The food show I favor is less obscure but not unlike Off Menu in that it revolves around celebrities eating. Everyone has likely seen at least one episode of Hot Ones by now. The premise—host Sean Evans asks questions while both he and the interviewee eat hotter and hotter wings—results in a kind of disrobing of the guest. It’s an endurance test: Hot Ones shows who is cool under pressure (Zoe Saldana) and who feels nothing at all (Lorde). For instance, you can see that in stressful circumstances, Cate Blanchett is the kind of person who gets incredibly serious and one-track minded, almost immovable, as she assesses the situation. And you can see that, like me, Bobby Lee literally just shits himself. The entire thing is steered by perhaps the most good-natured man on earth, whose gut is likely vestigial after 19 seasons of this. Having said that, the only person who has commented on Evans’s strange affect, perhaps unsurprisingly, is Kristen Stewart. (“You have such a particular cadence to your voice.”) The show kind of reminds me of that dumb Ashton Kutcher reality series from the early 2000s, Punk’d, though that was a lot more mean-spirited. Still, it has the same tone of catching celebrities with their pants down, it’s just this time they’re fully cooperating.

So, yes, food as a vehicle for celebrity behavior, as long as the meal isn’t the main event. I don’t particularly like watching very ritzy food documentaries or series (Chef’s Table) or even films (The Menu) which involve plating up elaborate artisanal dishes full of textures and tastes. And yet I have taken to reading the equivalent. I will admit I was somewhat forced into it by The New Yorker, which infamously sends you print issue after print issue, week after week, sometimes multiple times in one week, like you’ve lost some bet you didn’t know you had even made. At one point, however, I realized I could at the very least read food critic Hannah Goldfield’s one-page restaurant reviews—and now they are sometimes all I read. On the profiteroles at Le Rock, for instance, she writes of “a portly puff of choux, filled with salted-caramel ice cream, bejeweled in disks of stiffly whipped creme diplomate...” I think the reason her words hit me so hard is because for me they are richer than the food itself. They conjure up some Hookian meal in my mind, engaging my imagination rather than contradicting it with reality. Even when the description doesn’t do as much as you would think, your memory does the rest. Just the photo and the words “jambon beurre” were enough to remind me of summers in France (shut up) on the beach when I was younger, watching the sea, sandwich in hand, bites inevitably gritty with sand. The sensuousness I can’t find in the food itself, I can find between the words.

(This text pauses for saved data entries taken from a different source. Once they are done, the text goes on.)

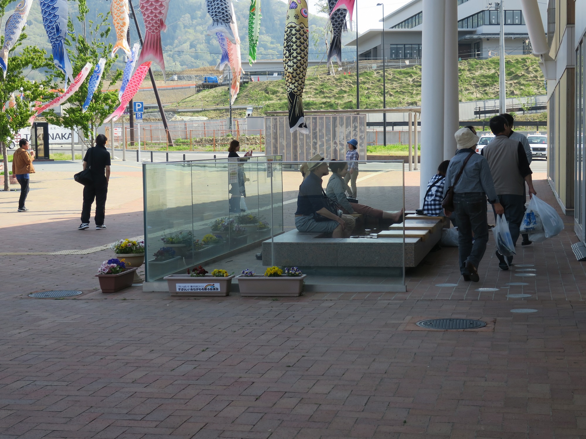 更に、駅前には誰でも無料で入れる、足湯ができていました。
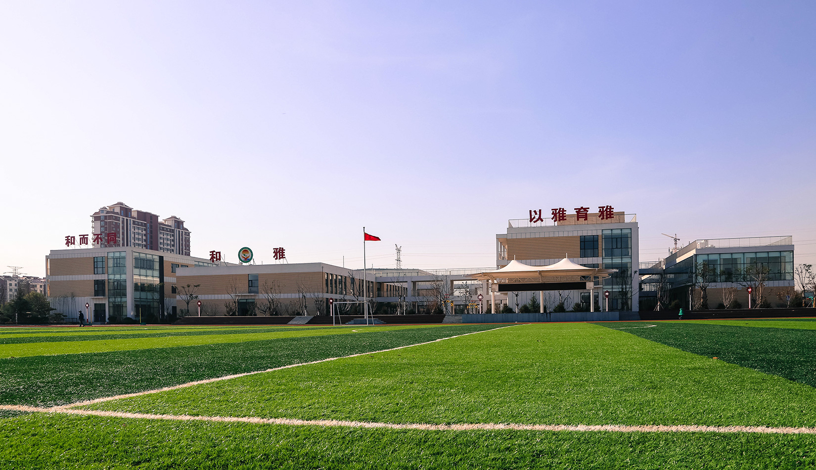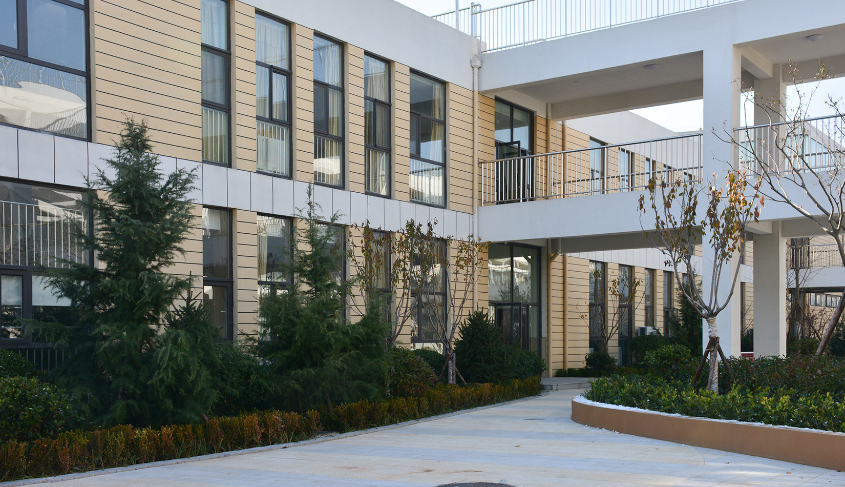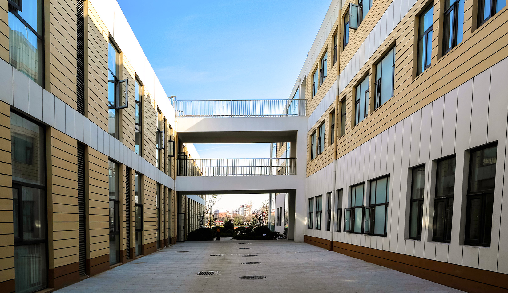 該項(xiàng)目通過(guò)幾個(gè)建筑單體與架空走廊的穿插連接將整個(gè)校區(qū)有機(jī)聯(lián)系起來(lái),實(shí)現(xiàn)了建筑功能的整體性,完善了建筑可達(dá)性。形成的中庭空間可成為交流為主的平臺(tái),營(yíng)造了學(xué)習(xí)、活動(dòng)為一體的校園氛圍。建筑外立面以簡(jiǎn)潔的現(xiàn)代風(fēng)格為主,同時(shí)表現(xiàn)校園文化,主要采用黃色與白色真石漆形成色彩對(duì)比,在教室南立面、樓梯間、就餐區(qū)等采用整體通透的玻璃幕墻與實(shí)墻形成虛實(shí)對(duì)比,形成簡(jiǎn)潔而不失活潑的建筑風(fēng)格。利用借景等手法進(jìn)行室外綠化設(shè)計(jì),整體打造一個(gè)高品質(zhì)的學(xué)校環(huán)境。
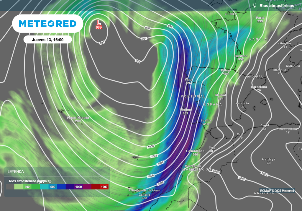 Hasta el sábado pueden acumularse más de 150-200 l/m² en el oeste de Galicia, mientras que en la vertiente oeste de La Palma se podrían ir por encima de los 120-140 l/m² de forma local. Pasarán de los 100 l/m² en otras comarcas gallegas, entorno del oeste del Sistema Central y vertientes suroestes de las islas occidentales y centrales de Canarias. Prácticamente no lloverá en amplias zonas del este y Baleares, ni tampoco en el Cantábrico oriental por el viento sur.
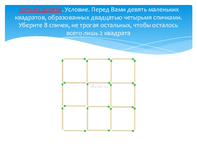 Слайд 4 Пять из девяти. Условие. Перед Вами девять маленьких квадратов, образованных
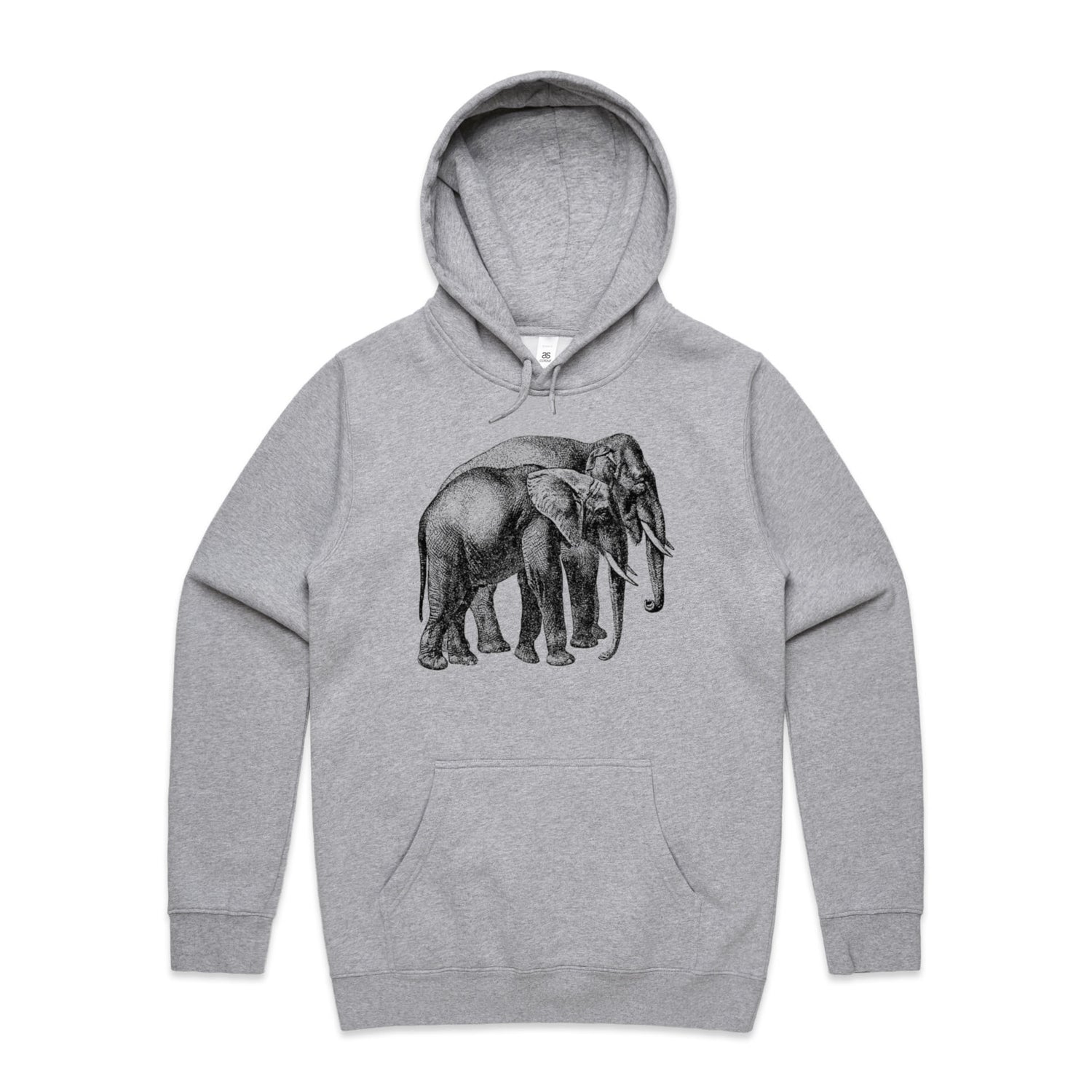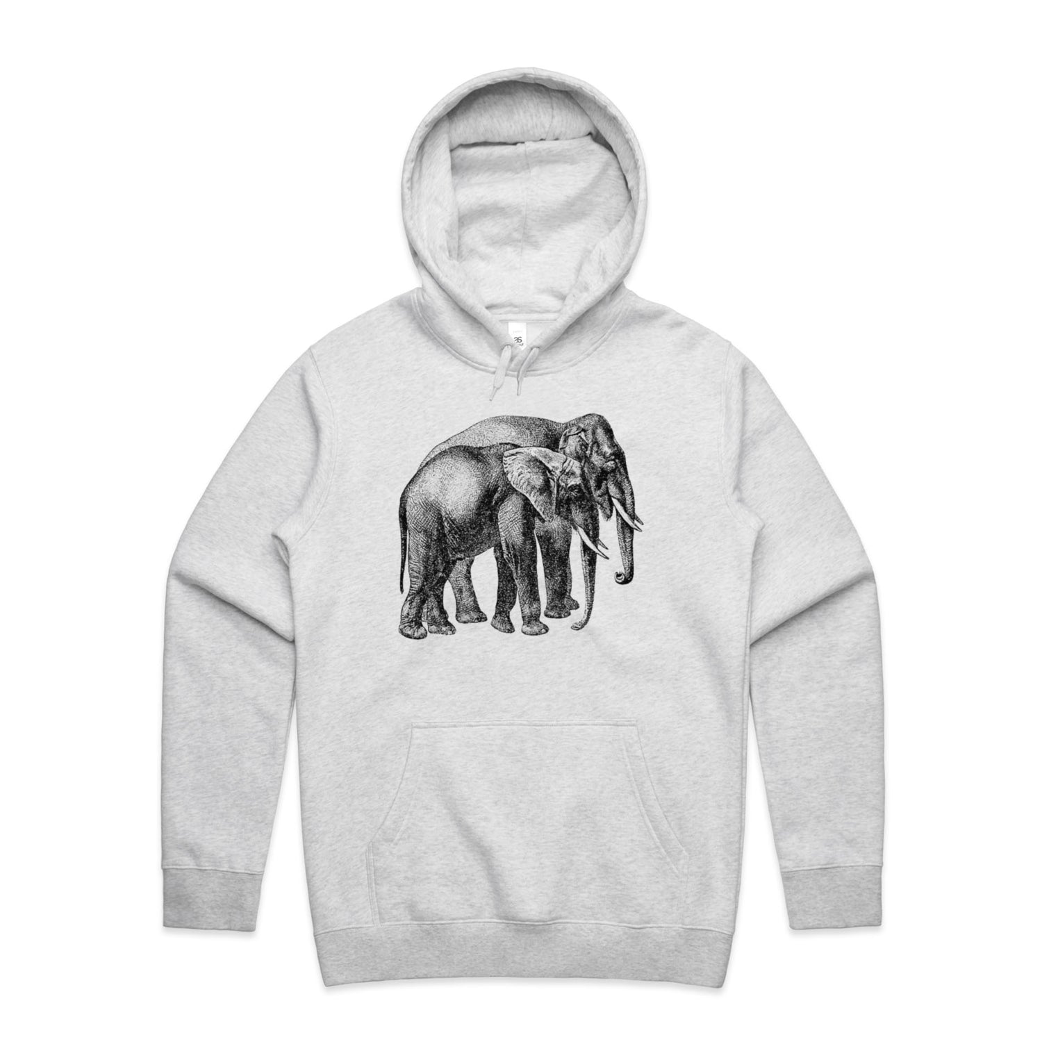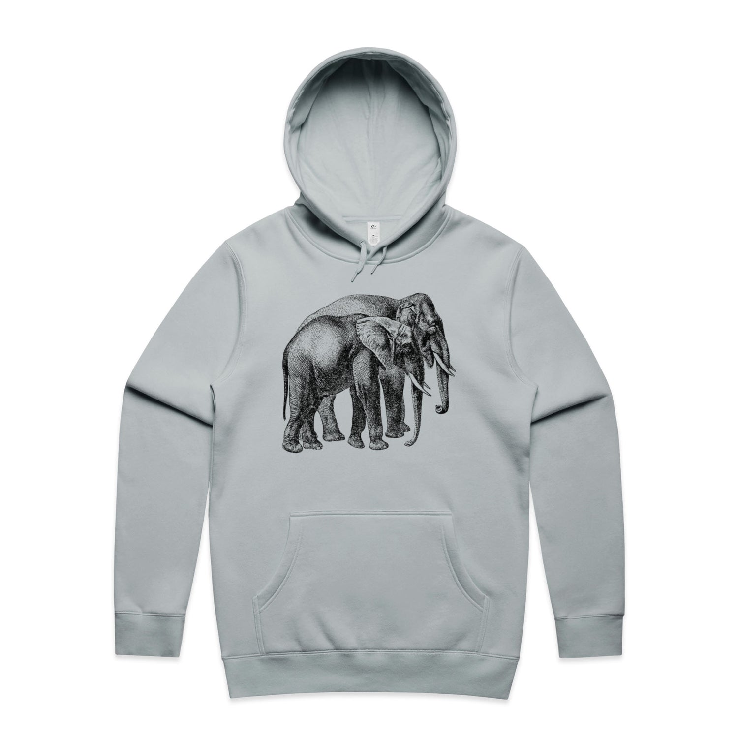 Not just a looker, this hoodie’s got some eco-cred with its sweet fabric and sharp ink print that’ll keep your style game strong. So, throw on those jeans or shorts, and let these friendly elephants guide your vibe with a splash of fun. Who knew comfort could look this fab? Go on, show 'em how it's done!
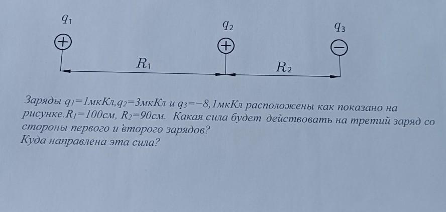 91 R₁ 92 (+ R₂ 93 Заряды qi=1мкКл,q2=3мкКл u q3=-8,1 мкКл расположены как показано на рисунке.R1=100см, R2=90см. Какая сила будет действовать на третий заряд со стороны первого и второго зарядов? Куда направлена эта сила?
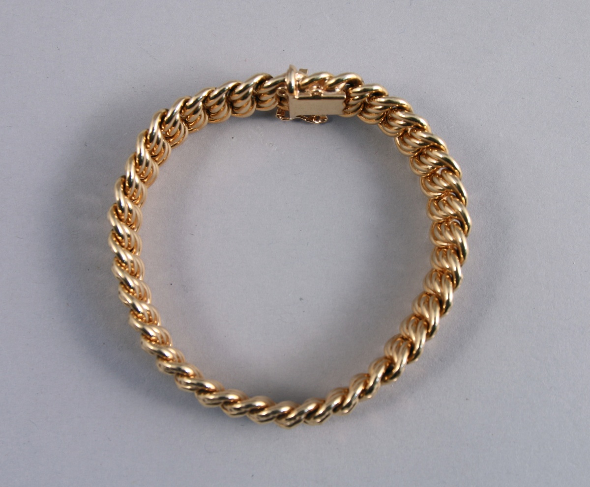 BRACELET en or jaune 18K à mailles souples tressées.
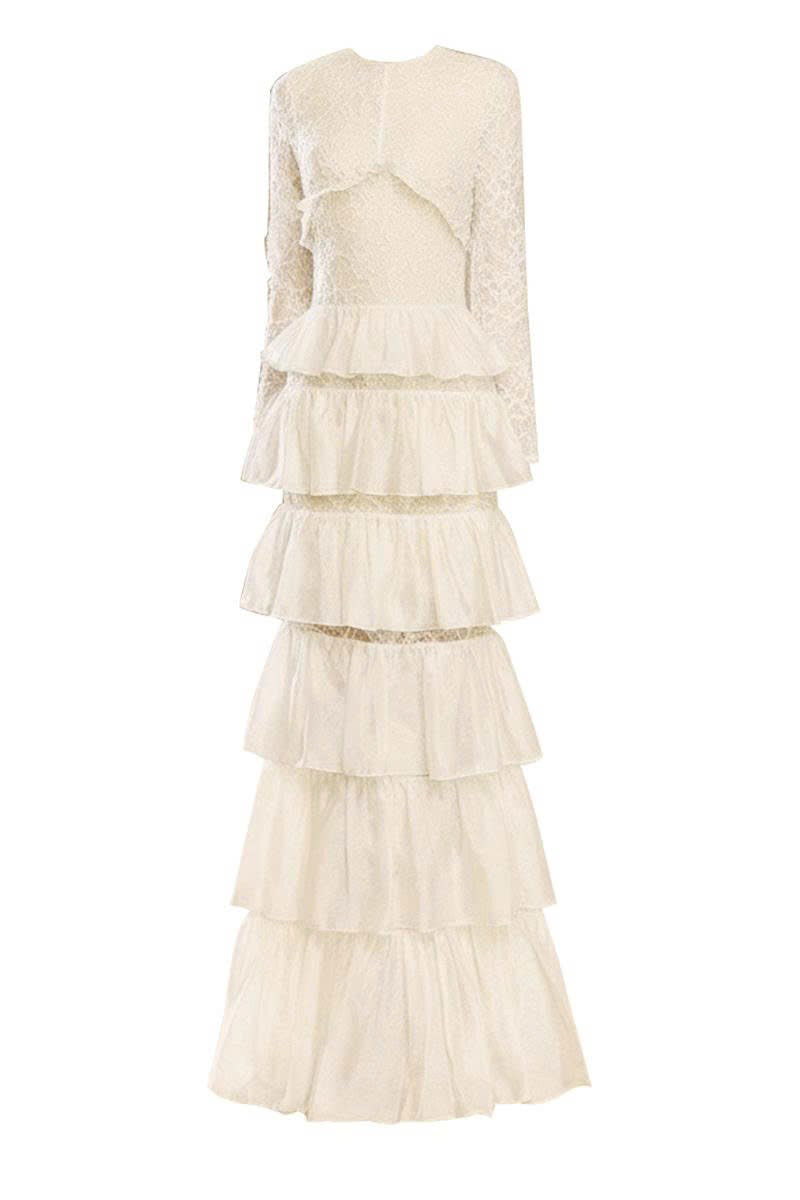 - Tiered ruffle detailing, sculpting the figure and enhancing movement

Still, ultimately, with me, food is never good as the way people act around it. At the risk of this sounding like spon-con, that is why every week I can read the Not-So-Great Defector Bake Off series without ever so much as watching an episode of the show. As someone who is a full-on shambles around recipes (I once spent an entire day making a multi-layer dip and vowed never to put that much work into any dish again) I have such warmth for the catastrophic circumstances Kelsey and Chris find themselves in every time they set out to make some British bullshit with currants. Their confidence is NEVER warranted and yet ... I like getting a window into their weird ovens and their ghost-like partners suddenly appearing and saying what we are all thinking. I don’t want to say the series gives me schadenfreude, but clearly a big part of the joy comes from me never wanting to do any of this and watching two people ransack their way through instead of me.

All of this reminds me of that quote that has haunted Kate Moss since 2009: “Nothing tastes as good as skinny feels.” It doesn’t actually originate with her. A year before she conjured up that anorexic pseudo-poetry, author Elizabeth Berg published a similar phrase (in the terribly titled The Day I Ate Whatever I Wanted: And Other Small Acts of Liberation—thinking of Moss reading this book really depresses me) specifically to undo it. “Nothing tastes as good as being thin feels,” some dude character tells some woman character. “Not true,” she responds. “I know,” he replies. Because we all know the real truth is this: Nothing tastes as good as hearing about it feels.